_TASK_. An exact copy of the lines of the listing below between the "gelaufen 1916, Eckknicke" line and the "단지는 101, 102동으로" line, both included, is the whole answer; please omit the pictures.

══ SOURCE DATA ══

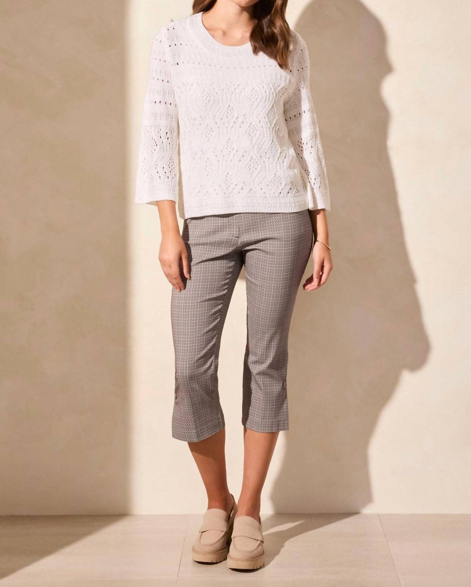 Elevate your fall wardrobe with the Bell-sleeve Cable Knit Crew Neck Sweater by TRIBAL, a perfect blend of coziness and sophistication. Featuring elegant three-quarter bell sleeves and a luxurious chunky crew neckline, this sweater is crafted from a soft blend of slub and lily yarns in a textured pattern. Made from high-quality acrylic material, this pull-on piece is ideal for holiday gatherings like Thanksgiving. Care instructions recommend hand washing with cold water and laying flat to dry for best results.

═══
══ SOURCE DATA ══

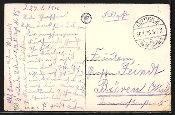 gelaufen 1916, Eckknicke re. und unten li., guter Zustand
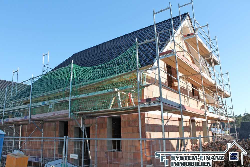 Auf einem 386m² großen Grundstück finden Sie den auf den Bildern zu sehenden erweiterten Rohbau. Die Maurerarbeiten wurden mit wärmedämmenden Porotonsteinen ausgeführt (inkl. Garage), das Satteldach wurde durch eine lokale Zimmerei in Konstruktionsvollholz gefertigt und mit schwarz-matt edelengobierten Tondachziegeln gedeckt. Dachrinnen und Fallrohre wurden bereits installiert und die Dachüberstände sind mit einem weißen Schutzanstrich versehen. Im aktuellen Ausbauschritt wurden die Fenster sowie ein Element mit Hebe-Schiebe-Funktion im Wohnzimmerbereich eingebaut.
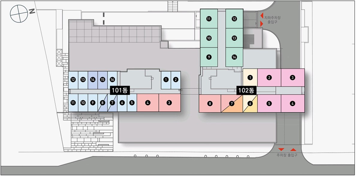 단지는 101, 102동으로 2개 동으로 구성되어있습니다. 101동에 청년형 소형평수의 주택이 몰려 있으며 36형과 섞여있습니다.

═══
══ SOURCE DATA ══

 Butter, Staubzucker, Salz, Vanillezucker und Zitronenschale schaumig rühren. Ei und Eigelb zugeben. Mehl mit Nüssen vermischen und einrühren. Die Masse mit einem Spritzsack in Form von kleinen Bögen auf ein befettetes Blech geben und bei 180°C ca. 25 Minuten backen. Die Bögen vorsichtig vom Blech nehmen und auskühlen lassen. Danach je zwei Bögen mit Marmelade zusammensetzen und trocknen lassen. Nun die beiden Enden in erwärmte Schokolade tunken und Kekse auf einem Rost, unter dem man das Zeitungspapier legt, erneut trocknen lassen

═══

_EXERCISE RESULT_.
 gelaufen 1916, Eckknicke re. und unten li., guter Zustand
 Auf einem 386m² großen Grundstück finden Sie den auf den Bildern zu sehenden erweiterten Rohbau. Die Maurerarbeiten wurden mit wärmedämmenden Porotonsteinen ausgeführt (inkl. Garage), das Satteldach wurde durch eine lokale Zimmerei in Konstruktionsvollholz gefertigt und mit schwarz-matt edelengobierten Tondachziegeln gedeckt. Dachrinnen und Fallrohre wurden bereits installiert und die Dachüberstände sind mit einem weißen Schutzanstrich versehen. Im aktuellen Ausbauschritt wurden die Fenster sowie ein Element mit Hebe-Schiebe-Funktion im Wohnzimmerbereich eingebaut.
 단지는 101, 102동으로 2개 동으로 구성되어있습니다. 101동에 청년형 소형평수의 주택이 몰려 있으며 36형과 섞여있습니다.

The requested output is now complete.